Leaders in Pharmaceutical Business Intelligence (LPBI) Group

Targeting KRAS Mutations In Pancreatic Tumours

Curator: David Orchard-Webb, PhD

In pancreatic cancer KRAS is mutated between 70-90%. Next generation sequencing suggests 90%, however it must be understood that the allelic frequency of KRAS mutation will not be 100% – not all the cells within the tumour will contain a KRAS mutation due to tumour heterogeneity [1]. Regardless of the exact figure KRAS mutation is more frequent in pancreatic ductal adenocarcinoma (PDAC) than in any other cancer and plays a role in cancer initiation and progression. The four most common KRAS mutations in PDAC are G12D > G12V > G12C > G13D [2]. The use of mutant RAS peptides as a cancer vaccine immunotherapy is an established concept and the nordic company Targovax has a RAS vaccine called TG01 in phase I/II clinical trials for pancreatic cancer.

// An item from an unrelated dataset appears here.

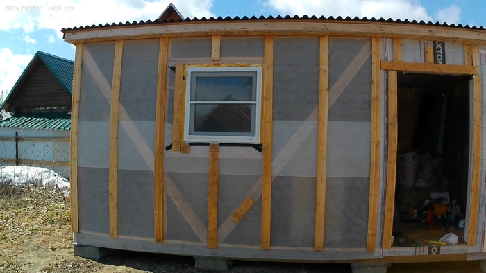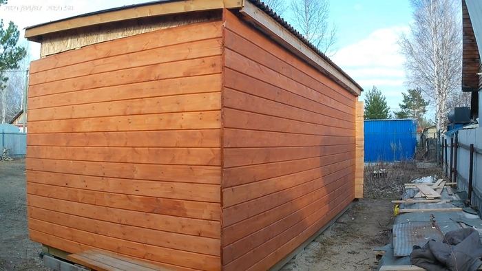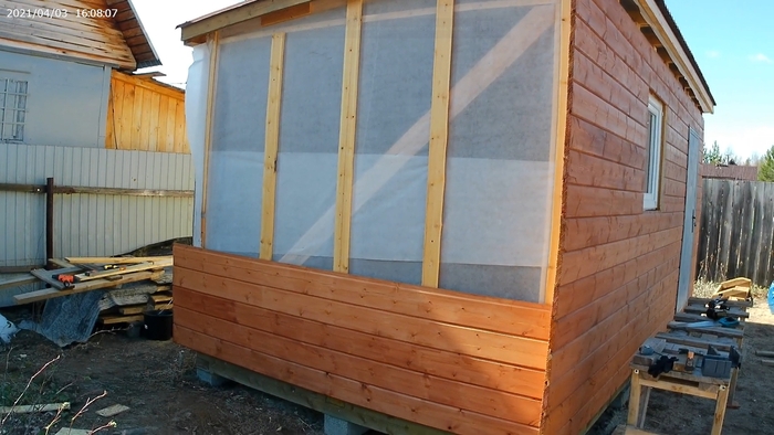 После зимы стало понятно, что обшивка внешних стен плитам ОСБ не вариант. Местами они начали темнеть от влаги, да и внешний вид не очень. Было принято решение снимать ОСБ и крепить на ее место имитацию бруса.

Inhibiting the signalling activity of KRAS in pancreatic cancers is also attractive however failures most notably of the farnesyl transferase inhibitors in clinical trials has led to unwarranted pessimism. Two farnesyl transferase inhibitors have been tested and failed in clinical trials of pancreatic cancer, Tipifarnib (Johnson & Johnson), and L-778.123 (Merck & Co.) [3]. However farnesyltransferase inhibitors may still have a role in the treatment of a rare subset of pancreatic cancer patients. Importantly rare cases of complete response to farnesyltransferase inhibitors are known in pancreatic cancer patients [4]. Recently new drug targets that shut-down mutated RAS signalling have emerged.

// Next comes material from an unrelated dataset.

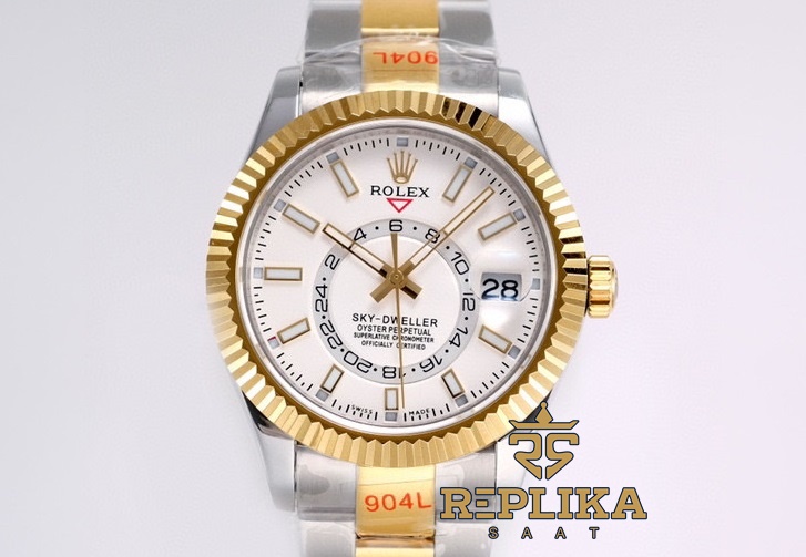 Rolex Sky Dweller 336238 Beyaz Kadran 904L Gold Oysterflex 9002 Super Clone ETA

Small molecule competitive binders of the prenyl-binding protein PDEδ have been developed by researchers at the Max Planck Institute of Molecular Physiology, Dortmund, Germany. RAS localisation to the membrane is essential for its signalling in cancer. RAS proteins are farnesylated and this modulates their localisation to the plasma membrane. The farnesyl tail of RAS is bound by PDEδ which facilitates its transport to the plasma membrane. A series of compounds with ever greater affinity for the PDEδ pocket that binds RAS have been synthesised. Deltazinone was their first generation compound and Deltarasin their second generation compound [5, 6]. The Dortmund group have shown in pancreatic cancer cell lines with mutated KRAS that these compounds reduce cell proliferation.

A new small molecule called Rigosertib has been developed by the laboratory of E. Premkumar Reddy (New York) and collaborators which binds to the RAS-binding domain (RBD) present in proteins that interact with RAS and thus block this interaction, nullifying activated RAS [7]. Rigosertib dramatically reduced the growth of human HCT116 colon cancer cell line implanted as a mouse xenograft. It also reduced the number of Pancreatic Intraepithelial Neoplasia (PanIN) lesions, precursors of PDAC, present in KRAS mutant mice.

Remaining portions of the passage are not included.